Libur Panjang Jadi Momentum Kebangkitan Wisata Solo
Peningkatan signifikan ini tidak lepas dari strategi pemerintah kota yang terus mempromosikan Solo sebagai destinasi wisata budaya dan kuliner. Long weekend Kenaikan Isa Almasih menjadi salah satu momentum untuk menggerakkan kembali sektor pariwisata yang sempat lesu.
Keraton Solo sendiri menawarkan daya tarik utama berupa koleksi pusaka kerajaan, arsitektur Jawa klasik, serta pengalaman budaya yang autentik. Tiket masuk yang terjangkau juga menjadi faktor pendorong minat wisatawan untuk berkunjung.
Pengelola keraton menyebutkan, lonjakan ini memberikan dampak positif tidak hanya bagi pendapatan obyek wisata, tetapi juga bagi pelaku UMKM di sekitar kawasan. Para pedagang makanan, minuman, hingga suvenir kebanjiran rezeki selama liburan.
Apa yang Dicari Wisatawan di Keraton Solo?
Wisatawan datang bukan hanya untuk berfoto atau sekadar jalan-jalan. Banyak di antara mereka yang ingin mempelajari sejarah dan budaya Jawa secara langsung. Pemandu wisata lokal pun kebanjiran permintaan untuk menjelaskan setiap sudut keraton.

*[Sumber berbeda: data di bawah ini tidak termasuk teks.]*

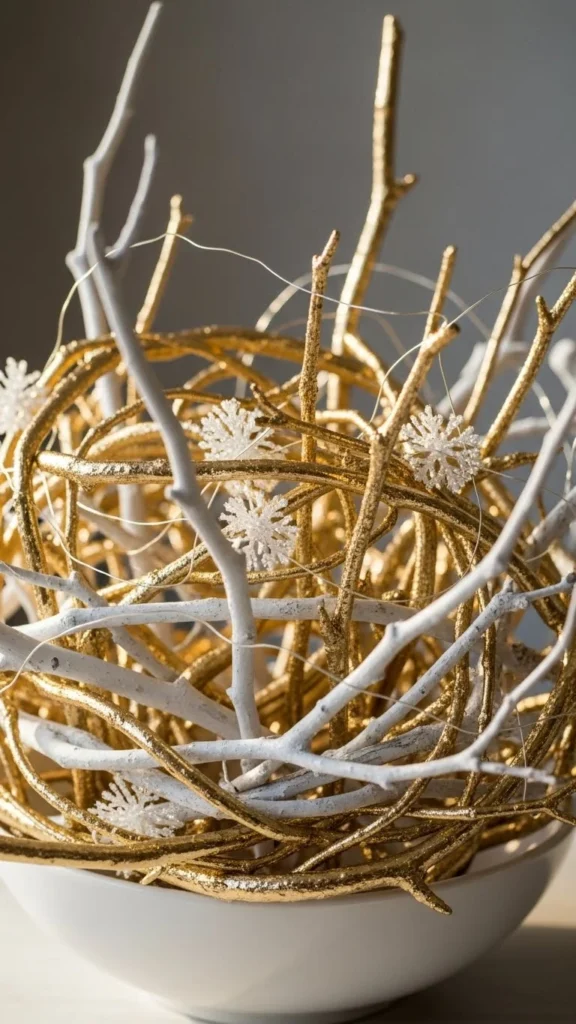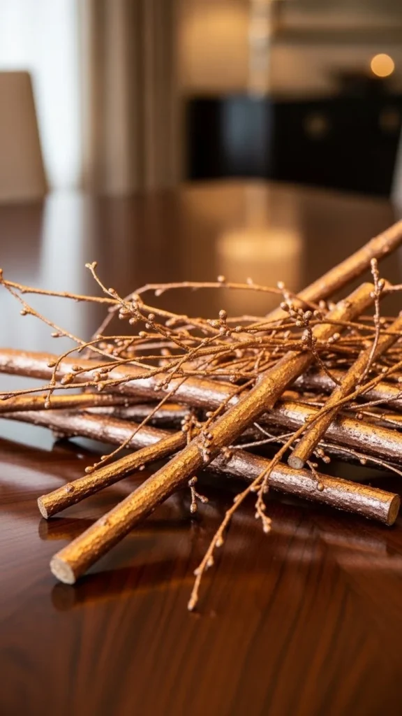 Mixing metals adds depth without extra materials. Paint some twigs silver, others gold or bronze. Keep finishes muted.

Selain itu, sejumlah acara kesenian tradisional yang digelar secara dadakan juga menambah daya tarik. Mulai dari pertunjukan wayang kulit hingga tari-tarian klasik keraton disuguhkan untuk menghibur para tamu.
Harapan untuk Keberlanjutan Pariwisata
Dengan lonjakan ini, pihak pengelola berharap tren kunjungan tinggi bisa terus berlanjut, tidak hanya saat libur panjang. Mereka terus berbenah, mulai dari perbaikan fasilitas, penambahan petugas kebersihan, hingga pengaturan arus pengunjung agar lebih nyaman.
Keraton Solo juga mulai gencar memanfaatkan media sosial untuk menarik minat generasi muda. Konten-konten visual tentang keindahan arsitektur dan cerita sejarah keraton dibagikan secara rutin.
Momen long weekend ini menjadi bukti bahwa pariwisata budaya di Solo masih memiliki daya pikat yang kuat. Dengan pengelolaan yang tepat, Keraton Solo berpotensi menjadi salah satu destinasi utama di Jawa Tengah yang mampu bersaing dengan obyek wisata modern.